Daily ETF Roundup: XLU Gains On Uncertainty, VXX Plummets On ECB Loan

by on December 21, 2011 | ETFs Mentioned:

Equity markets drifted sideways on Wednesday as investors digested good news from overseas along with worrisome corporate results at home. The Nasdaq led the way lower, sinking 0.99% on the day, after tech juggernaut Oracle posted disappointing earnings. The S&P 500 Index managed to gain 0.20% ahead of tomorrow’s U.S. GDP report, while the Dow Jones Industrial Average was fairly flat, clinching a minor 0.03% gain on the day. Gold futures drifted around the $1,615 an ounce level while crude oil staged an impressive rally, gaining 1.8% for the day and settling just above $99 a barrel.

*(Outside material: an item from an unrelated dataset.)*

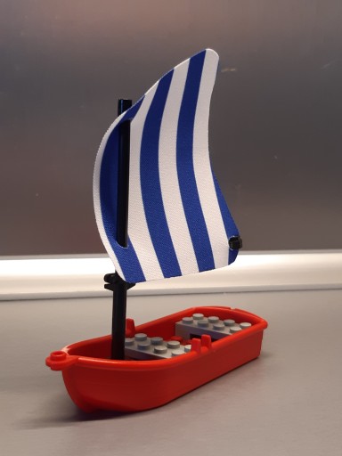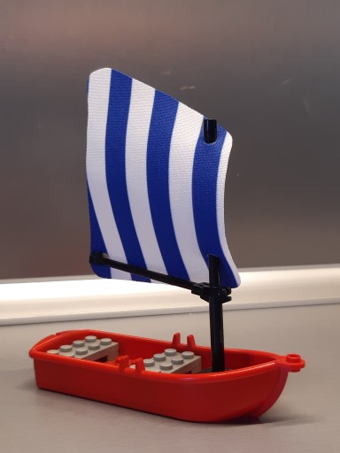 W przesyłanych klientom żaglach układ pasów( kolorowe / białe ) może być inny niż ten na zdjęciach - wynika to z faktu wycinania z nadrukowanego wcześniej arkuszu tkaniny. Jest to zgodne z oryginalnymi żaglami LEGO !

Disappointing earnings results from Oracle tipped the markets south in early trading as investors jumped ship from the U.S. tech sector. Selling pressures spread across the market as investors demonstrated their anxiety ahead of tomorrows U.S. GDP report, which is largely expected to be a pivotal event before the holiday weekend [see Low Volatility ETFdb Portfolio]. Overseas, the European Central Bank made a big effort to restore confidence by offering to loan $641 billion to 523 European banks over the next three years.

One of the best performers was the Utilities Select Sector SPDR (XLU), which gained a modest 1.49% on the day. This ETF climbed higher right from the opening bell as investors flocked to defensive, dividend-paying utilities amidst the uncertainty stemming from the tech sector. XLU was bolstered by safe haven demand and relatively high trading volumes as investors were prompted to reallocate capital to safer, current income-generating securities in lieu of seeking out riskier, more lucrative capital gains opportunities.

The S&P 500 VIX Short-Term Futures ETN (VXX) was one of the worst performers on the day, shedding 6.79%, as the ECB made a huge stride forward in assuring liquidity for banks in the debt burdened currency bloc. Barry Knap, head of U.S. equity strategy at Barclays PLC, commented, “What the ECB is doing is just trying to prevent a disorderly deleveraging of European bank assets”. Fear evaporated from the markets as investors digested the $641 billion loan program, although buying euphoria was laregly absent on both sides of the Atlantic [see Low Volatility ETFs Attracting Big Inflows].

Disclosure: No position at time of writing.